Assignment: Would you print, word for word, only the lines running from the line with "Beardo Dye Hard" to the last line of the entries, without the pictures?

Saved data entries:
********

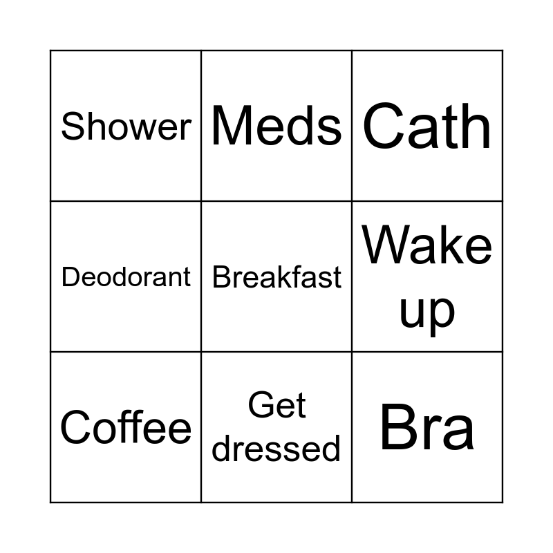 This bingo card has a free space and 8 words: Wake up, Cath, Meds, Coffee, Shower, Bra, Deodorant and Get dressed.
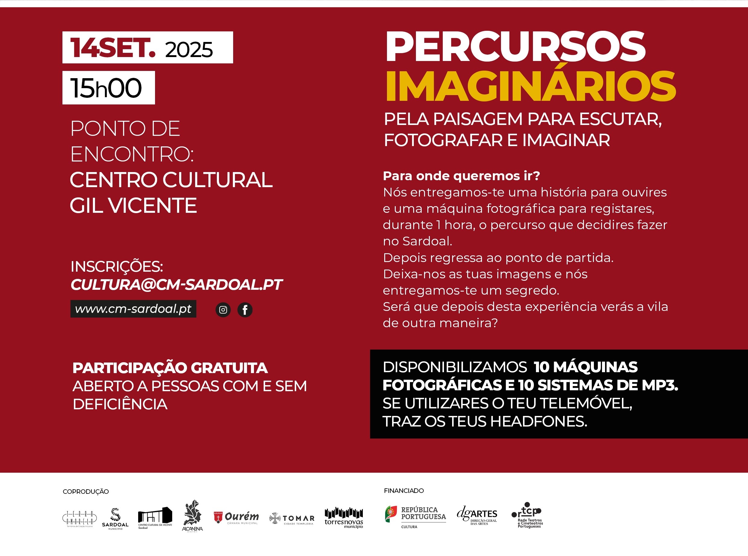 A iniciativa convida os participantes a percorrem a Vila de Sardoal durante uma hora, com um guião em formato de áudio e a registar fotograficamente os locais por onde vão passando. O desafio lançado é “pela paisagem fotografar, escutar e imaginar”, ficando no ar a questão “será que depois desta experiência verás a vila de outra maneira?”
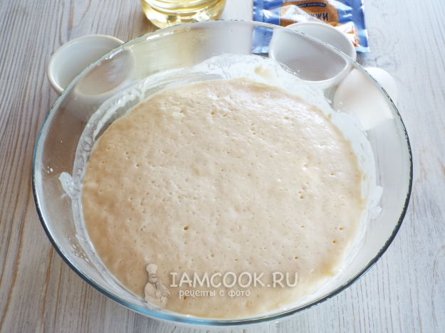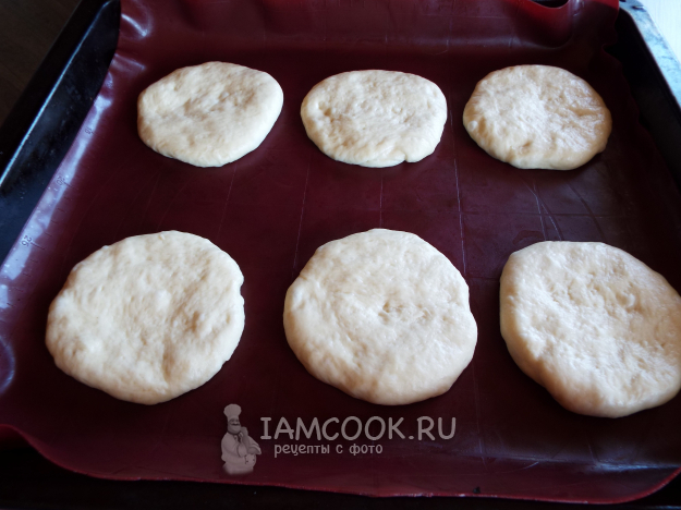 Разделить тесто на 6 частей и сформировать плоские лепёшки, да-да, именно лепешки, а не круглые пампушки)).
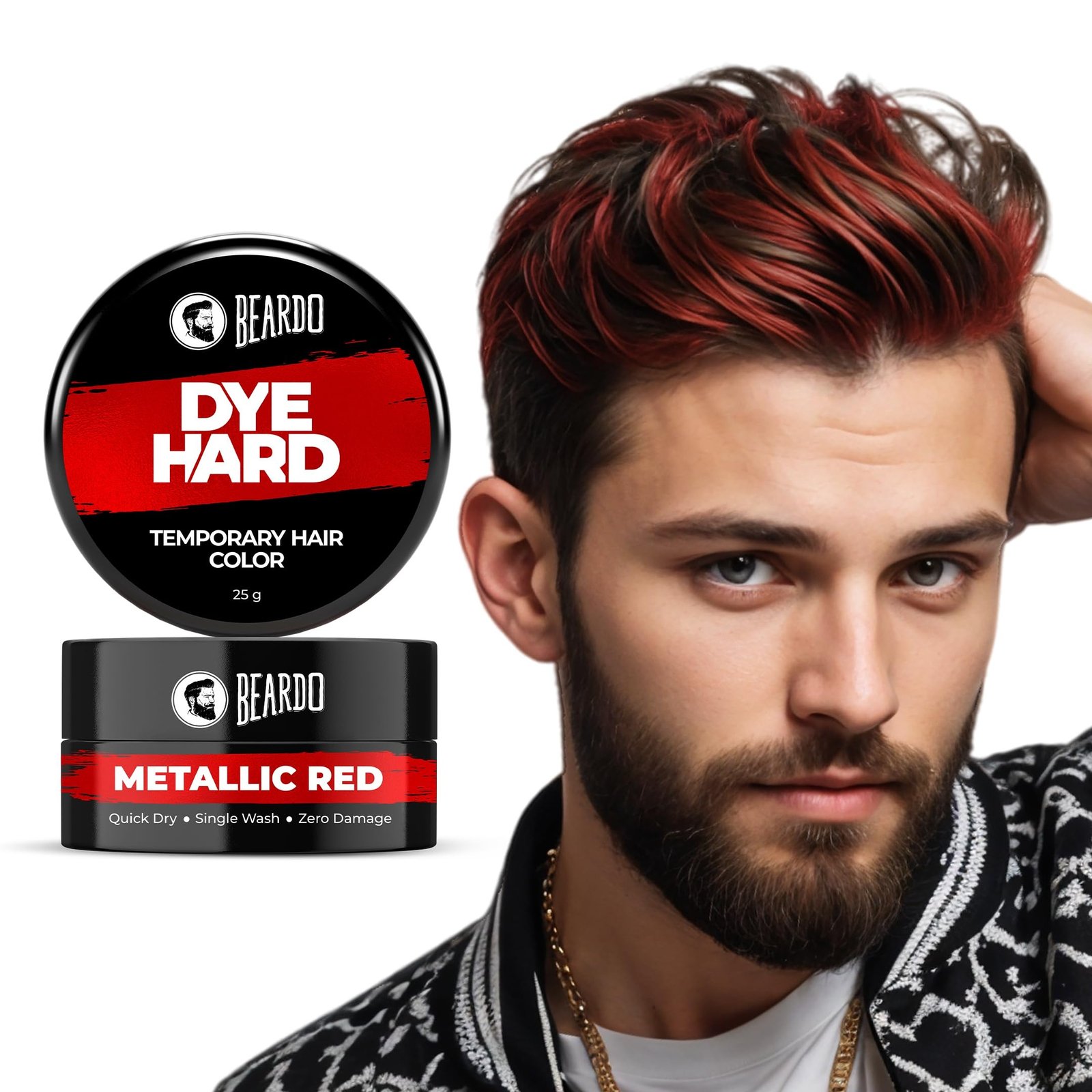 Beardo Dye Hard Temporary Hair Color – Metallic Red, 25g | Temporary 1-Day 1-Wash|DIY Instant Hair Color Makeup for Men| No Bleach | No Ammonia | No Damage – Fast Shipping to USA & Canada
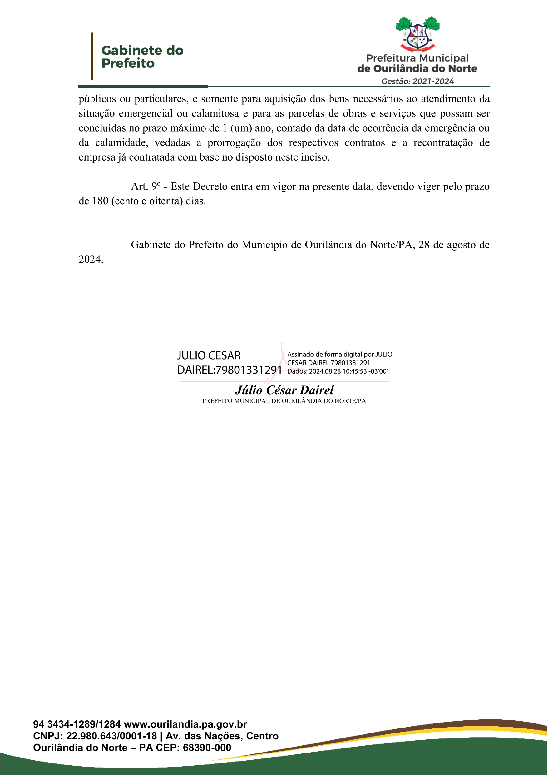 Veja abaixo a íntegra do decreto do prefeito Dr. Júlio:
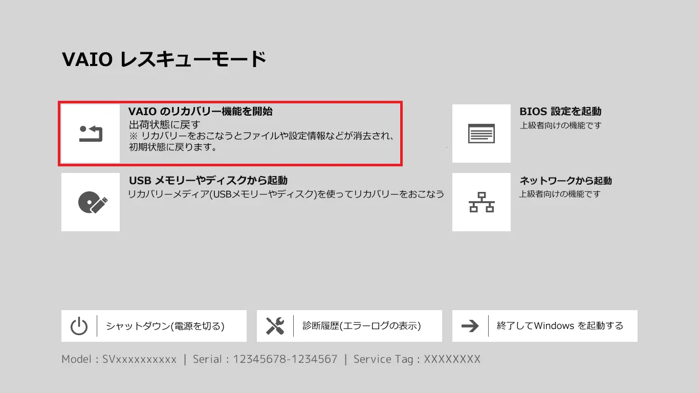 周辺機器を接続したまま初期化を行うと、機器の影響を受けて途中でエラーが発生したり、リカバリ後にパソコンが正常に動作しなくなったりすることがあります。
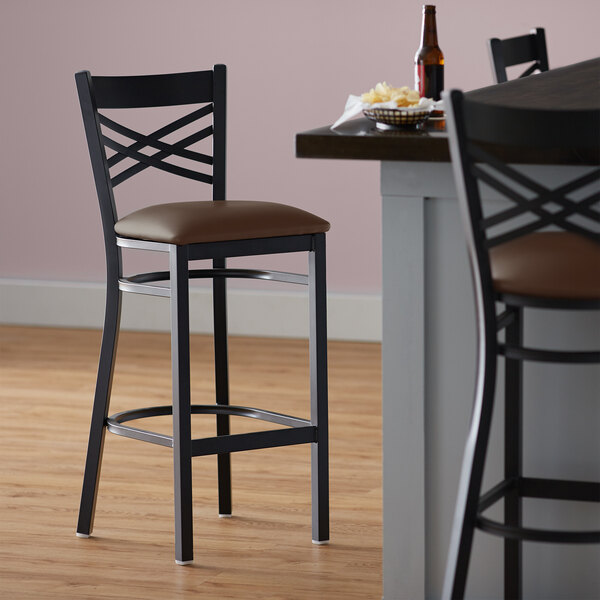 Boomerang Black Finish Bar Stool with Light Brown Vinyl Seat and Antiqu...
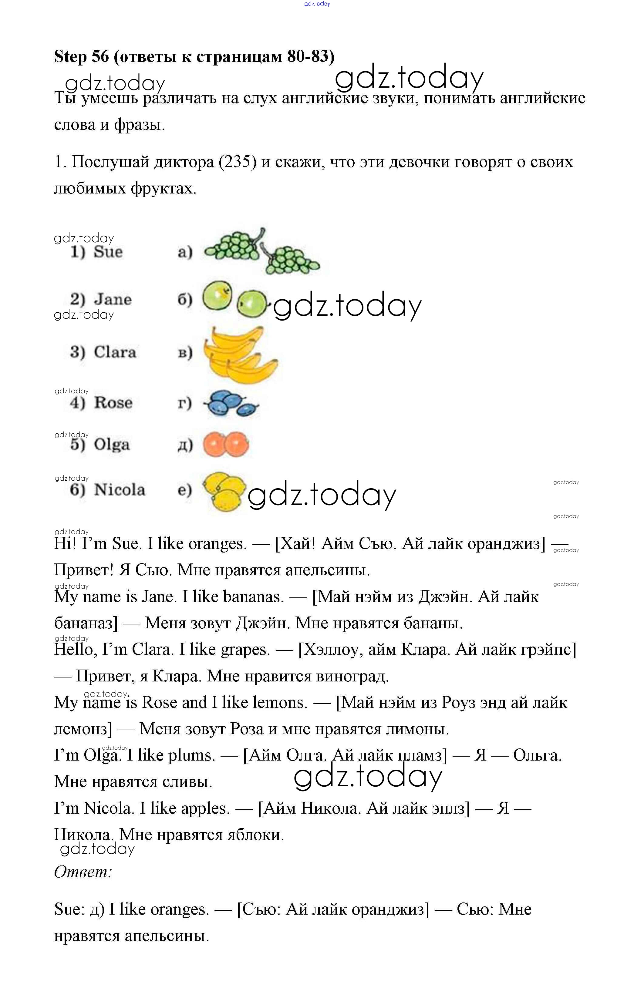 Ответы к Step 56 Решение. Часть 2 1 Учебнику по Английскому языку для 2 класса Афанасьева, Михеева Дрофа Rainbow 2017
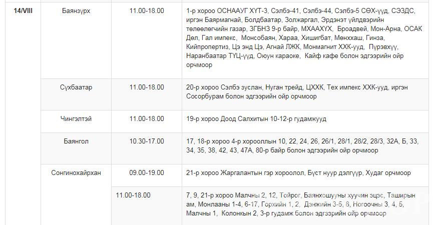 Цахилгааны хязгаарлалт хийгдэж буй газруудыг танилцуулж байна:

********

Response area:
 Beardo Dye Hard Temporary Hair Color – Metallic Red, 25g | Temporary 1-Day 1-Wash|DIY Instant Hair Color Makeup for Men| No Bleach | No Ammonia | No Damage – Fast Shipping to USA & Canada
 Veja abaixo a íntegra do decreto do prefeito Dr. Júlio:
 周辺機器を接続したまま初期化を行うと、機器の影響を受けて途中でエラーが発生したり、リカバリ後にパソコンが正常に動作しなくなったりすることがあります。
 Boomerang Black Finish Bar Stool with Light Brown Vinyl Seat and Antiqu...
 Ответы к Step 56 Решение. Часть 2 1 Учебнику по Английскому языку для 2 класса Афанасьева, Михеева Дрофа Rainbow 2017
 Цахилгааны хязгаарлалт хийгдэж буй газруудыг танилцуулж байна:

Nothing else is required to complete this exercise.